# Airbnb Hotel Booking Analysis
Author: Tushar Sanap

This submission notebook performs data cleaning, EDA, visualizations, and a simple price prediction model. Three PNG images have been generated in `/mnt/data/` for inclusion in a PPT.

Files produced:
- `/mnt/data/airbnb_cleaned_for_Tushar.csv` (cleaned data)
- `plot_price_distribution.png`
- `plot_avg_price_by_neighbourhood_group.png`
- `plot_roomtype_vs_price.png`

Run the cells to reproduce the analysis and regenerate the plots.

In [None]:
import pandas as pd
import numpy as np
import matplotlib.pyplot as plt
from sklearn.model_selection import train_test_split
from sklearn.linear_model import LinearRegression
from sklearn.metrics import mean_squared_error, r2_score

pd.set_option('display.max_columns', 50)
print('Imports ready')

In [None]:
df = pd.read_csv('/mnt/data/airbnb_cleaned_for_Tushar.csv')
print('Loaded cleaned data with shape:', df.shape)
df.head()

In [None]:
print('Numeric summary:')
print(df.describe().T)

print('\nTop neighbourhoods by count:')
if 'neighbourhood' in df.columns:
    print(df['neighbourhood'].value_counts().head(10))
else:
    print('No neighbourhood column')

In [None]:
plt.figure(figsize=(8,5))
plt.hist(df['price'].dropna(), bins=50)
plt.xlabel('Price')
plt.ylabel('Count')
plt.title('Price Distribution (USD)')
plt.show()

# Avg price by group
group_col = 'neighbourhood_group' if 'neighbourhood_group' in df.columns else 'neighbourhood'
avg_price = df.groupby(group_col)['price'].mean().sort_values(ascending=False).head(15)
plt.figure(figsize=(10,5))
plt.bar(avg_price.index.astype(str), avg_price.values)
plt.xlabel(group_col.replace('_',' ').title())
plt.ylabel('Average Price')
plt.title('Average Price by ' + group_col.replace('_',' ').title())
plt.xticks(rotation=45, ha='right')
plt.show()

# Room type vs price
if 'room_type' in df.columns:
    rt = df.groupby('room_type')['price'].mean().sort_values()
    plt.figure(figsize=(8,5))
    plt.bar(rt.index.astype(str), rt.values)
    plt.xlabel('Room Type')
    plt.ylabel('Average Price')
    plt.title('Average Price by Room Type')
    plt.xticks(rotation=30, ha='right')
    plt.show()
else:
    plt.figure(figsize=(8,5))
    plt.scatter(df['number_of_reviews'], df['price'], s=10)
    plt.xlabel('Number of Reviews')
    plt.ylabel('Price')
    plt.title('Price vs Number of Reviews')
    plt.show()

In [None]:
# Simple regression model (numeric features only)
num_cols = df.select_dtypes(include=[np.number]).columns.tolist()
if 'price' in num_cols:
    X = df[num_cols].drop(columns=['price'])
    # drop columns with too many unique values (like ids)
    X = X.loc[:, X.nunique() < 200]
    y = df['price']
    X_train, X_test, y_train, y_test = train_test_split(X, y, test_size=0.2, random_state=42)
    model = LinearRegression()
    model.fit(X_train, y_train)
    y_pred = model.predict(X_test)
    print('MSE:', mean_squared_error(y_test, y_pred))
    print('R2:', r2_score(y_test, y_pred))
else:
    print('No numeric price column for modeling')

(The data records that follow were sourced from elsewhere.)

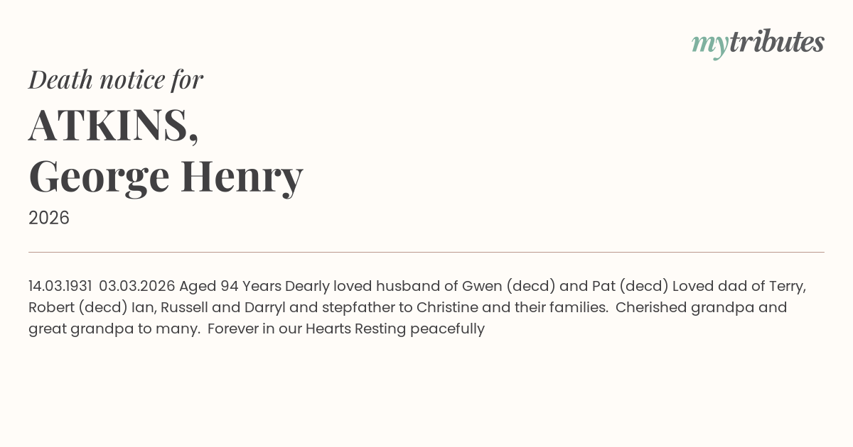 17°C14.03.1931 – 03.03.2026 Aged 94 Years Dearly loved husband of Gwen (dec’d) and Pat (dec’d) Loved dad of Terry, Robert (dec’d) Ian, Russell and Darryl and stepfather to Christine and their families. Cherished grandpa and great grandpa to many. “Forever in our Hearts Resting peacefully”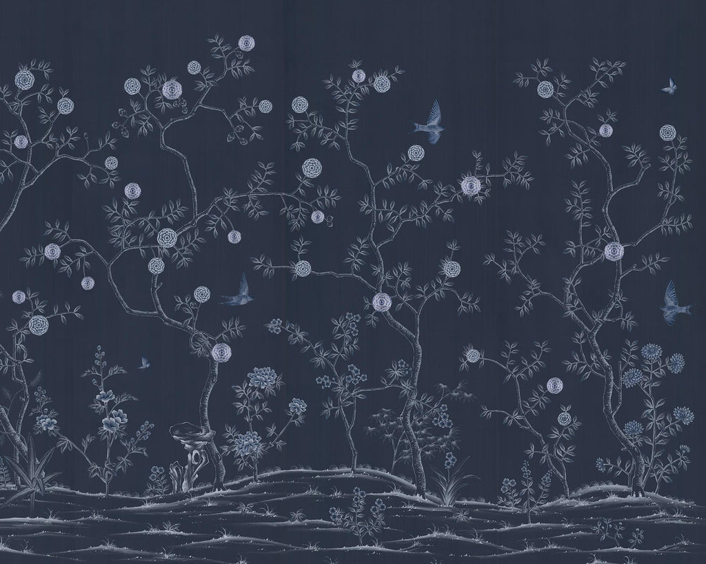 One of our most exquisite silk chinoiseries, where hand-painted and embroidered details intertwine with Lalique crystal.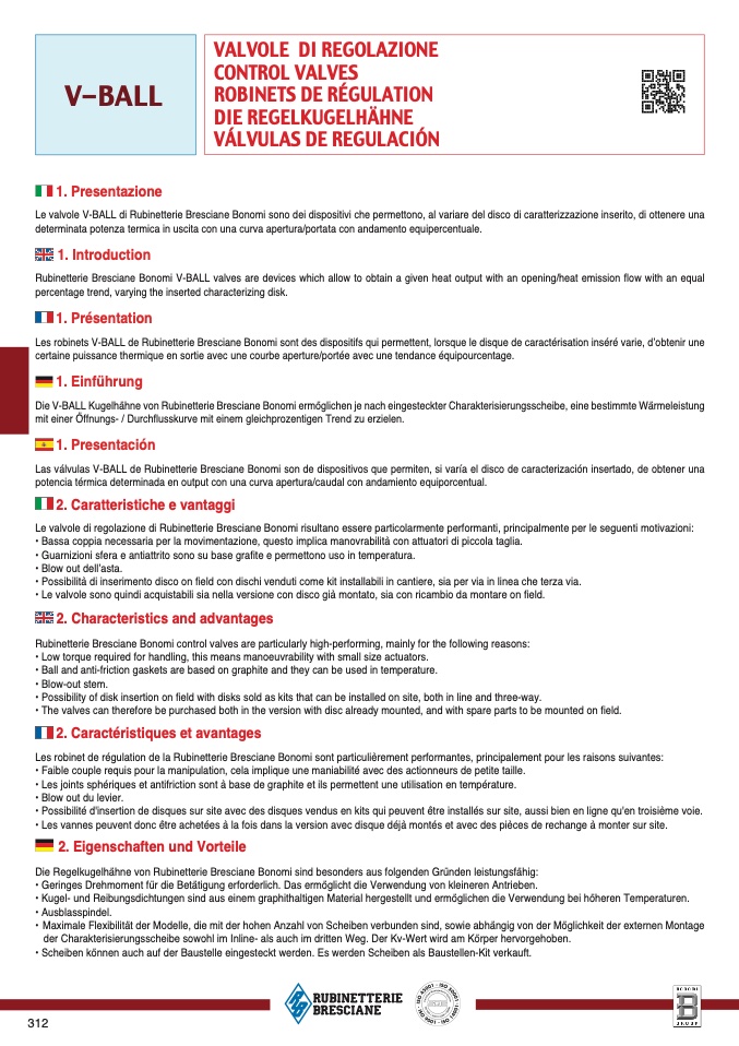 Las válvulas V-BALL de Rubinetterie Bresciane Bonomi son de dispositivos que permiten, si varía el disco de caracterización insertado, de obtener un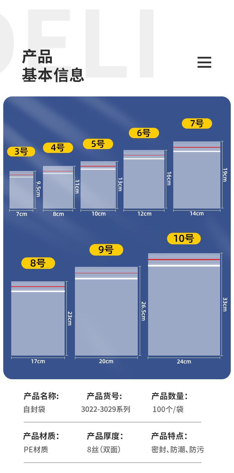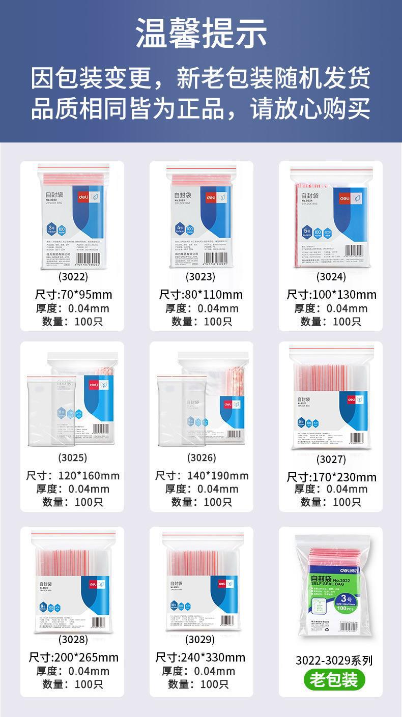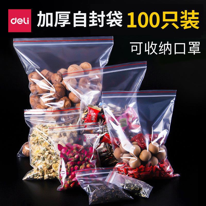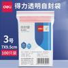 Deli No. 3-10 Bolsa Ziplock Bolsa de Plástico Bolsa de Plástico Engrosada Bolsa de Embalaje 100 Bolsas Selladas Bolsa con Cadena de Clip Venta al por Mayor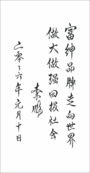 富紳在變(biàn)革求索的征途中薪火相傳(chuán),堅持在創新中發展,以品牌男裝爲先導,向多元化領域延伸,布局未來,謀略百年!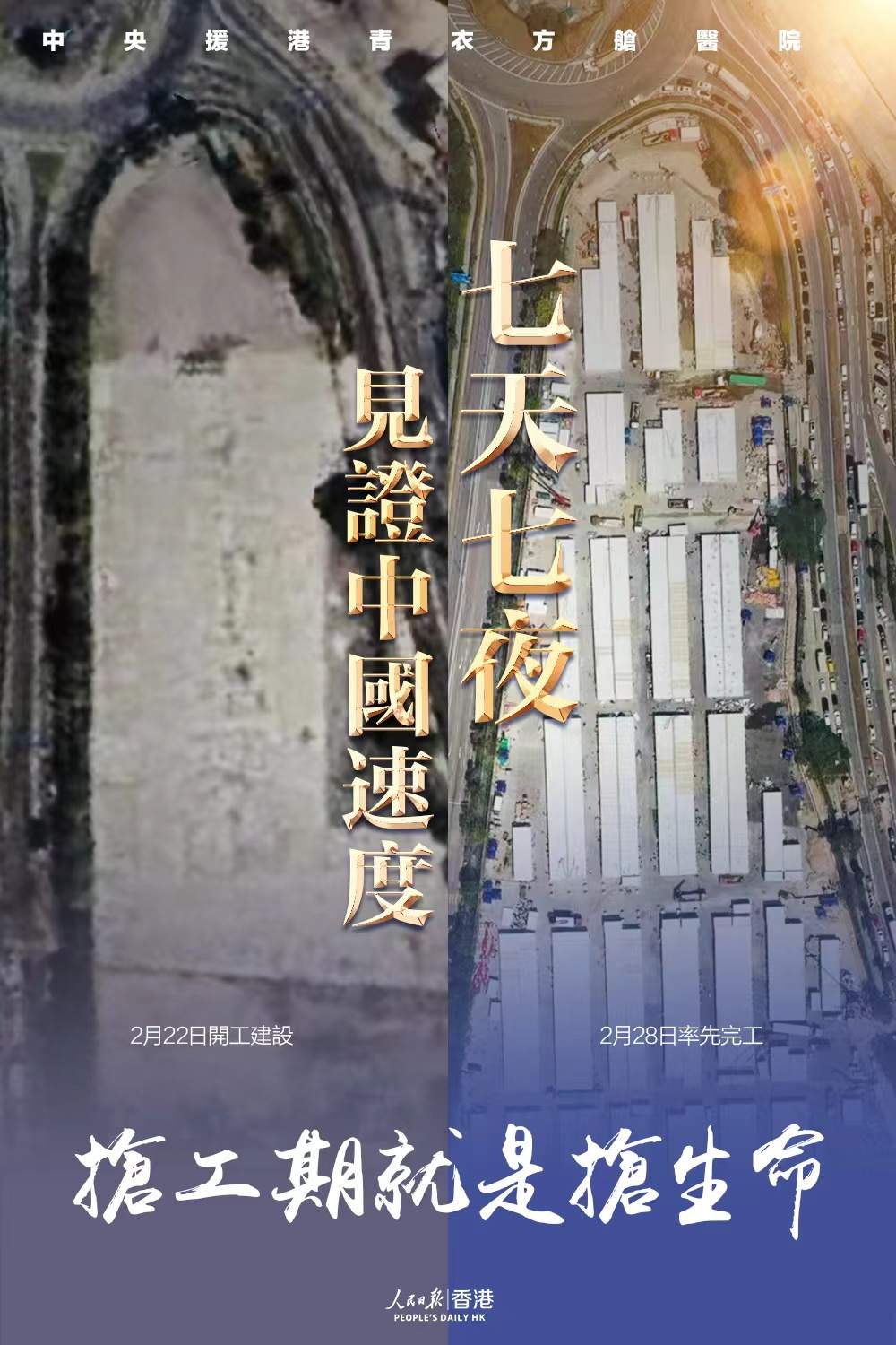 香港特区行政长官林郑月娥28日表示视频讲话时表示,位于香港青衣的社区隔离及治疗设施(即方舱医院)已于当日完工交付。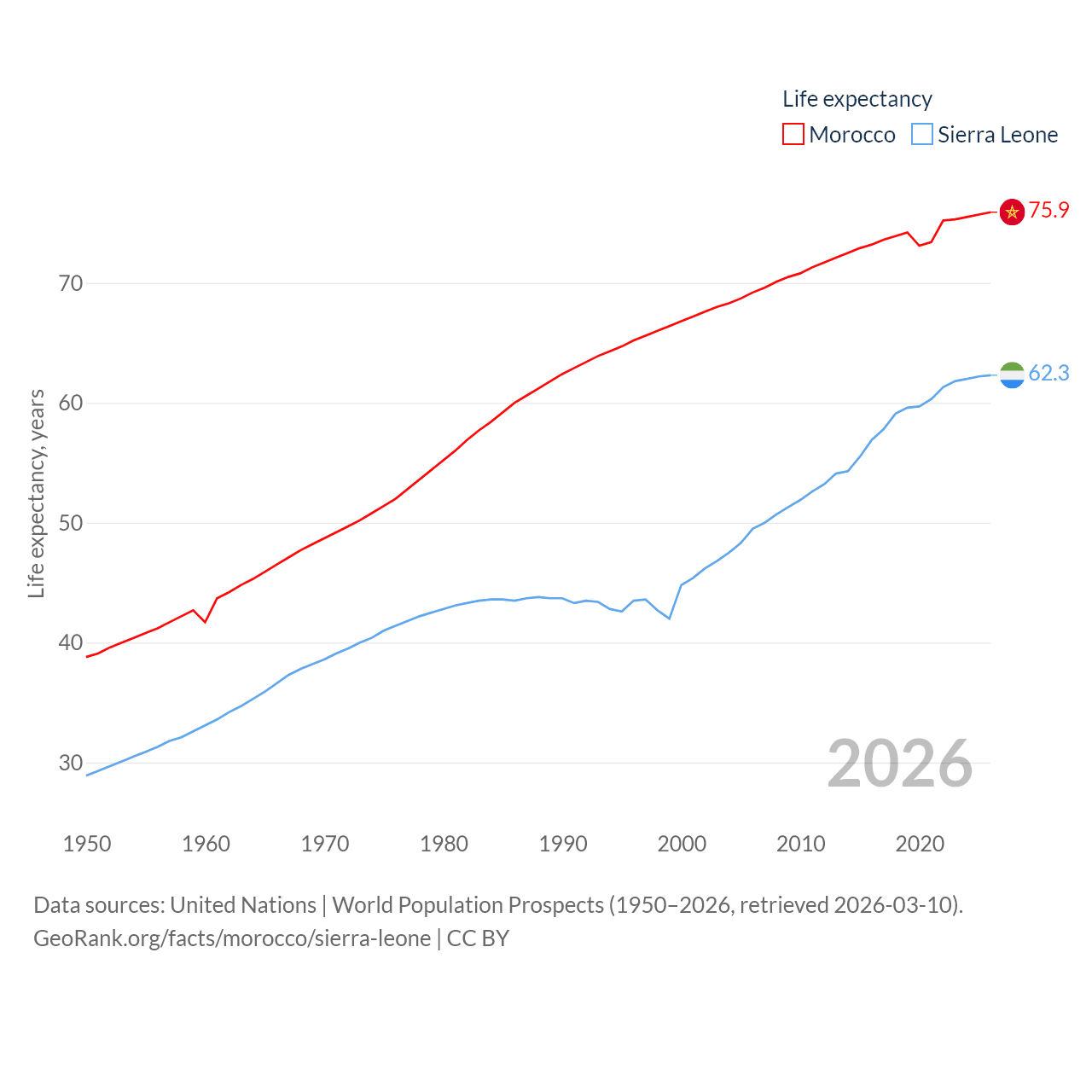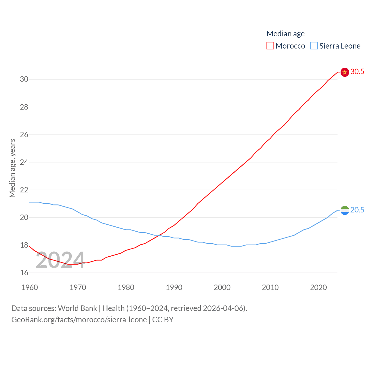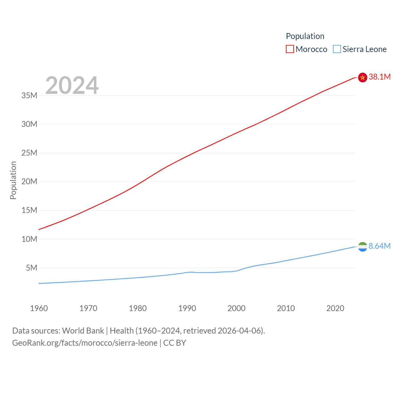Morocco has a population of 38.1M (ranked 39/197), compared with 8.64M in Sierra Leone (ranked 102/197). Morocco's land area is 172,317 sq mi versus 27,869 sq mi for Sierra Leone (ranked 55th vs. 116th).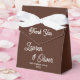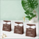 Herzlich willkommen in Ihren eleganten, maßgeschneiderten Hochzeitsgeschenkboxen, die für Ihre Gäste einen zeitlosen Sake machen. Diese wunderschönen Gefälligkeitsboxen verfügen über einen schicken braunen Script-Schriftart mit Namen und Hochzeitstermin. Sie sind der perfekte Weg, um ein herzliches Geschenk und eine bleibende Erinnerung aus Ihrem besonderen Tag zu teilen.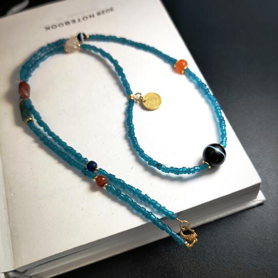 汉代合浦郡(今广西合浦县)是海上丝绸之路的始发港之一,连接中原与东南亚、南亚甚至地中海地区,是中外贸易和文化交流的关键枢纽。通过合浦港,中国的丝绸、陶瓷等商品出口,同时进口珍宝(如琉璃、琥珀、水晶) 合浦汉墓群(如文昌塔墓群)中多次发现琉璃珠,常与琥珀、水晶、金饰等共出,多见于贵族墓葬。 - 珠子的尺寸较小(直径约0.5-2厘米),中孔穿绳,可能用于项链、手串或装饰衣物。

## Conclusions & Submission Notes

- Cleaned data saved as `airbnb_cleaned_for_Tushar.csv`.
- Three professional plots saved as PNGs in `/mnt/data/` (use these in your PPT).
- The simple linear regression is a baseline — consider tree-based models for better performance.

Good luck with your internship submission, Tushar!